Plymouth is a city and unitary authority area on the south coast of Devon, England, about 190 miles south-west of London. It is situated between the mouths of the rivers Plym to the east and Tamar to the west, where they join Plymouth Sound. Since 1967, the City of Plymouth has included the suburbs of Plympton and Plymstock, which are on the east side of the River Plym.

Plymouth’s history goes back to the Bronze Age, when its first settlement grew at Mount Batten. This settlement continued to grow as a trading post for the Roman Empire, until the more prosperous village of Sutton, the current Plymouth, surpassed it. In 1620, the Pilgrim Fathers left Plymouth for the New World and established Plymouth Colony – the second English settlement in what is now the United States of America. During the English Civil War the town was held by the Parliamentarians and was besieged between 1642 and 1646.

Today the city is home to around 250,000 people, making it the 19th most populous city in the United Kingdom. It is governed locally by Plymouth City Council and is represented nationally by three MPs. Plymouth’s economy is still strongly influenced by shipbuilding, but has become a more service-based economy since the 1990s.


We came into Plymouth harbor early and the weather looked typical of what we have been seeing, cloudy and rainy.


Today we had an excursion to the coastal town of Polperro on southeast Cornwall coast. Polperro is located about 25 miles west of Plymouth. Polperro is a beautiful harbor fishing village with a population of just over 5000. Today its major industry is tourism due to its beauty and location. It is popular for both native Great Britains as well as foreign visitors.

The coach ride revialed beautiful countryside with rock walled, lush green fields.

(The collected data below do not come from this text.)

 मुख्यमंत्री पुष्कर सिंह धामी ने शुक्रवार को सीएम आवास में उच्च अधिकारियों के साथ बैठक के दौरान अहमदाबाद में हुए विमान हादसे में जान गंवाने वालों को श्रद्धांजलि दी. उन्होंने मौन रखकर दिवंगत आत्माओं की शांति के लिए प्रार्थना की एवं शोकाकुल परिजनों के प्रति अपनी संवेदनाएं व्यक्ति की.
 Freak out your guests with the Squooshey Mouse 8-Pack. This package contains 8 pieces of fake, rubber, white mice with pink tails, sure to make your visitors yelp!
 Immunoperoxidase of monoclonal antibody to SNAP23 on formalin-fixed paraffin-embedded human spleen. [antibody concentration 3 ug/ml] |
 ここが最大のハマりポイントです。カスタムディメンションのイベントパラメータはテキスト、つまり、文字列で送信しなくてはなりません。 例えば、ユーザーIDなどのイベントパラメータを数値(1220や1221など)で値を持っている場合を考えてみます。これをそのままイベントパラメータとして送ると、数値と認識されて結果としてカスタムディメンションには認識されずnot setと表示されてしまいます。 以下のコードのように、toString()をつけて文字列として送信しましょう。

Many sheep and pig were also seen.



The village was very lovely with narrow winding streets. There were many opportunities to sample the fares the area is famous for. For lunch we had a local patsy, a pastry filled with beef and potatos. It was quite good and very filling.

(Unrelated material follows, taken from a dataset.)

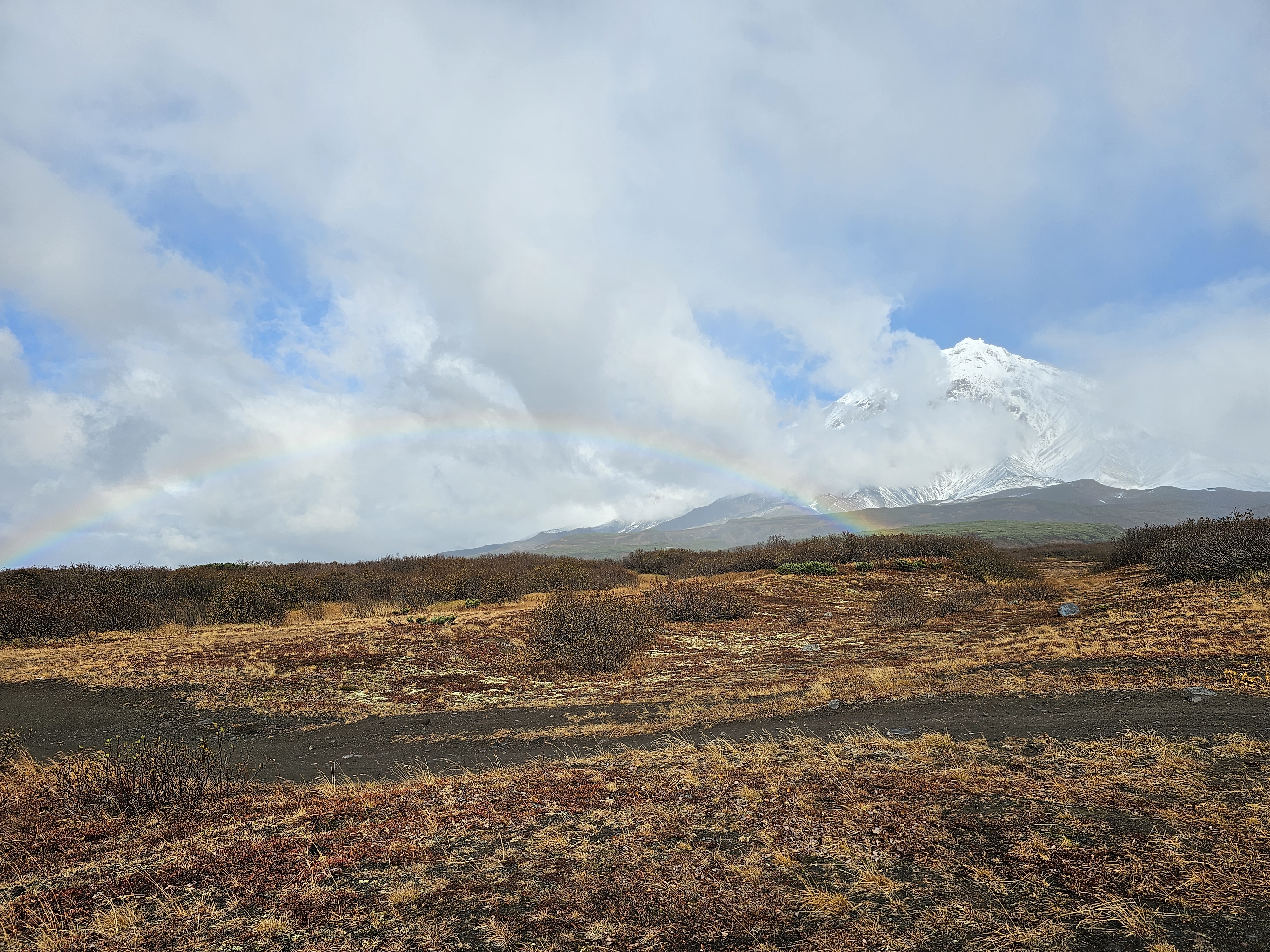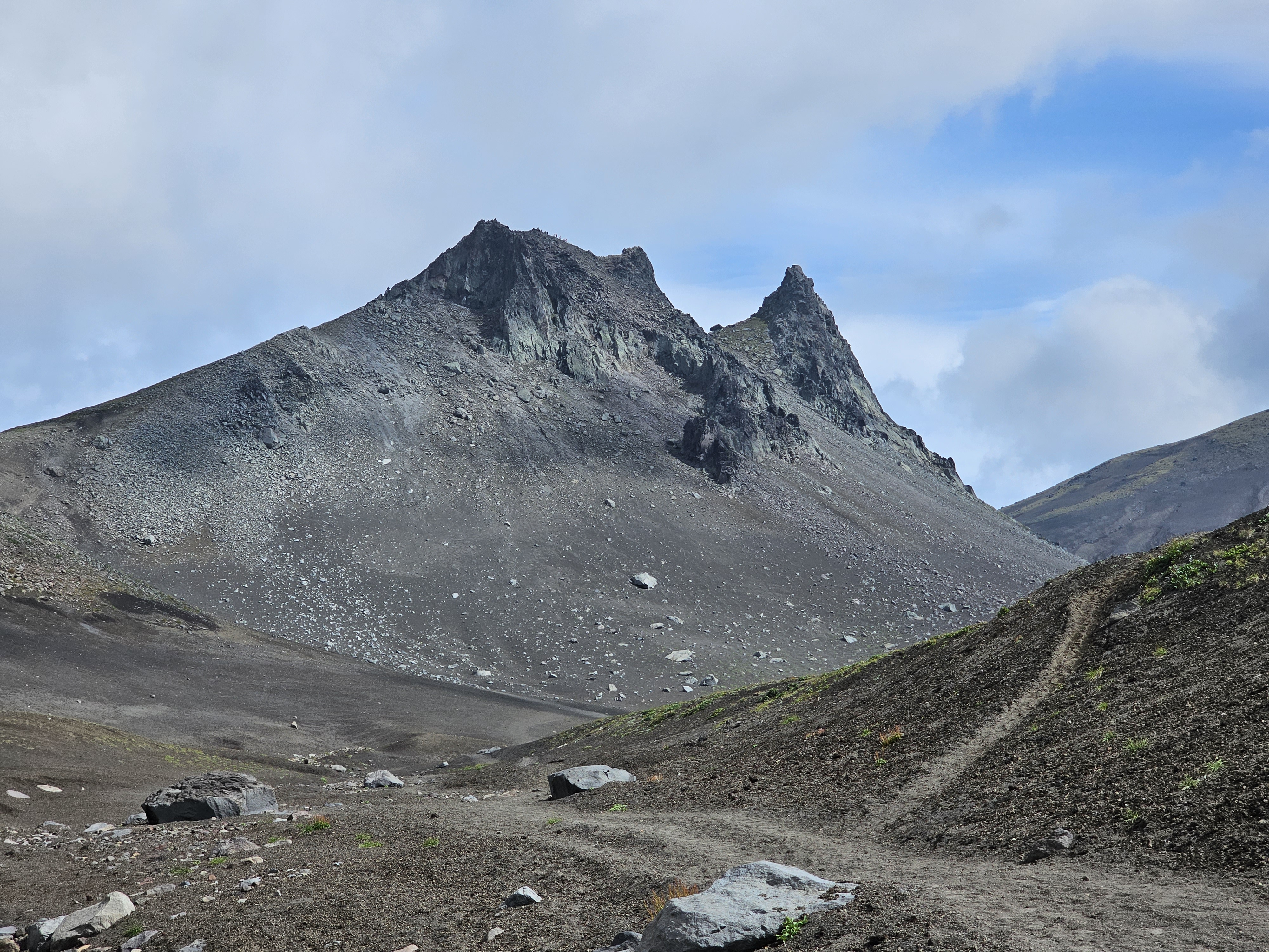 - Сухая речка. Движемся к подножию Авачинского вулкана. Смена растительности от лиственного леса до горной тундры. Поле каменных пирамид. Виды на Корякский и Авачинский вулканы

This small harbor actually had a lock which allowed for dry docking. When the tide was low the lock could be closed. When opened and the tide was in the area was flooded and the boats could reach the sea.

The village consists hills filled with houses, some almost defying gravity.




We took this trail to one of the highest points in the village for a wonderful view of the bay.

Kay humors me often by accompanying me into pubs to obtain a local brew. This pub the Blue Peter Inn was full of wonderful ambiance and the bar keep was glad to assist me in selecting my drink.


I decided on a “Sharp’s Own”, a beer brewed in Cornwall in the old “real ale” fashion. It was a dark, malty brew served at about 50 degrees and hand pumped. The real ales do not have enough carbonation to force dispense from the spigot. It was wonderful. I could have easily had 3 pints instead of the one I limited myself to. After all I did have to find my way back to the coach for the return trip to the ship. I will remember this brew and attempt to reproduce it when I return home.

We will be in Dublin tomorrow and one of the things I look forward to is visiting the Dublin Brewery.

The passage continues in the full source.